━━━ Supplied records ━━━

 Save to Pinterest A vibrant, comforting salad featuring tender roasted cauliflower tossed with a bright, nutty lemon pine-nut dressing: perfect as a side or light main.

━━━
━━━ Supplied records ━━━

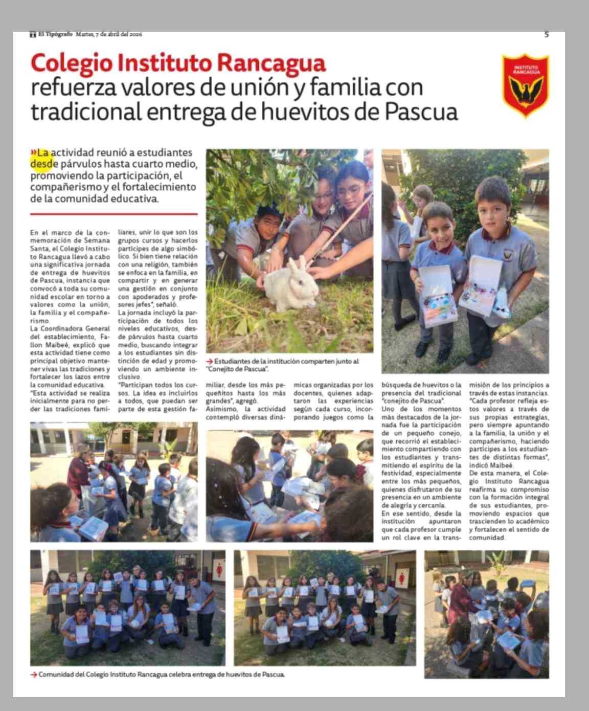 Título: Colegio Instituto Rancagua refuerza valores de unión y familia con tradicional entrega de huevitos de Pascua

━━━
━━━ Supplied records ━━━

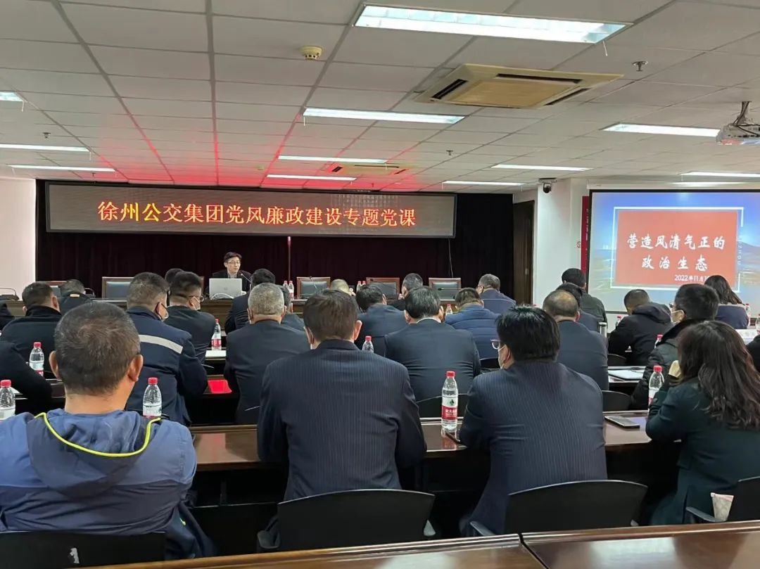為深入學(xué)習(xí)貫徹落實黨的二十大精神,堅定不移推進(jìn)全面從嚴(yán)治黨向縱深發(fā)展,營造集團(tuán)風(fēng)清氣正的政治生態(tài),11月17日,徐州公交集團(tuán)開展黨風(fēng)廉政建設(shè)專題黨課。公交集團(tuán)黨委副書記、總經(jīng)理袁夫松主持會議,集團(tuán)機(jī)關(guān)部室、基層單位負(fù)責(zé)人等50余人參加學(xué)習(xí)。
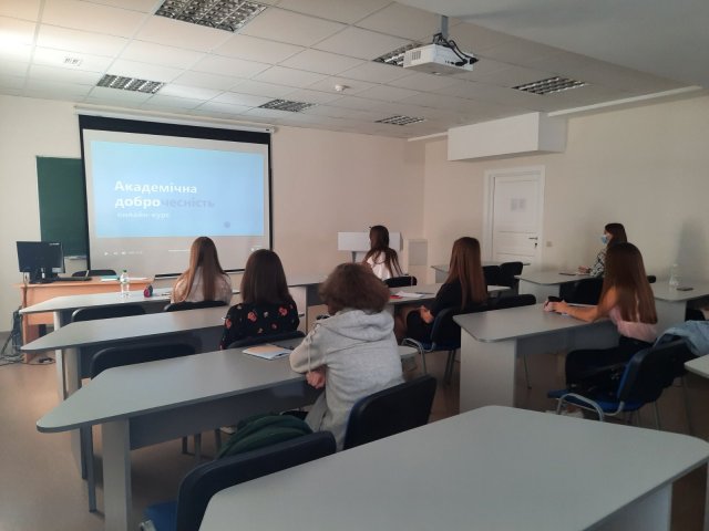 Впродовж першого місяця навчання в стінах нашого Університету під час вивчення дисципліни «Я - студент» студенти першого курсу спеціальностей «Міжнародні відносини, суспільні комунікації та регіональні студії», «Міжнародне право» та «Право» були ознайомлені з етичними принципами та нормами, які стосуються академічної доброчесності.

━━━

## What is required
Extract the part of the records that opens with the line containing "為深入學(xué)習(xí)" and closes with the line containing "Впродовж першого місяця". Take only those lines, exactly, and no pictures.

## Solution to the exercise
為深入學(xué)習(xí)貫徹落實黨的二十大精神,堅定不移推進(jìn)全面從嚴(yán)治黨向縱深發(fā)展,營造集團(tuán)風(fēng)清氣正的政治生態(tài),11月17日,徐州公交集團(tuán)開展黨風(fēng)廉政建設(shè)專題黨課。公交集團(tuán)黨委副書記、總經(jīng)理袁夫松主持會議,集團(tuán)機(jī)關(guān)部室、基層單位負(fù)責(zé)人等50余人參加學(xué)習(xí)。
 Впродовж першого місяця навчання в стінах нашого Університету під час вивчення дисципліни «Я - студент» студенти першого курсу спеціальностей «Міжнародні відносини, суспільні комунікації та регіональні студії», «Міжнародне право» та «Право» були ознайомлені з етичними принципами та нормами, які стосуються академічної доброчесності.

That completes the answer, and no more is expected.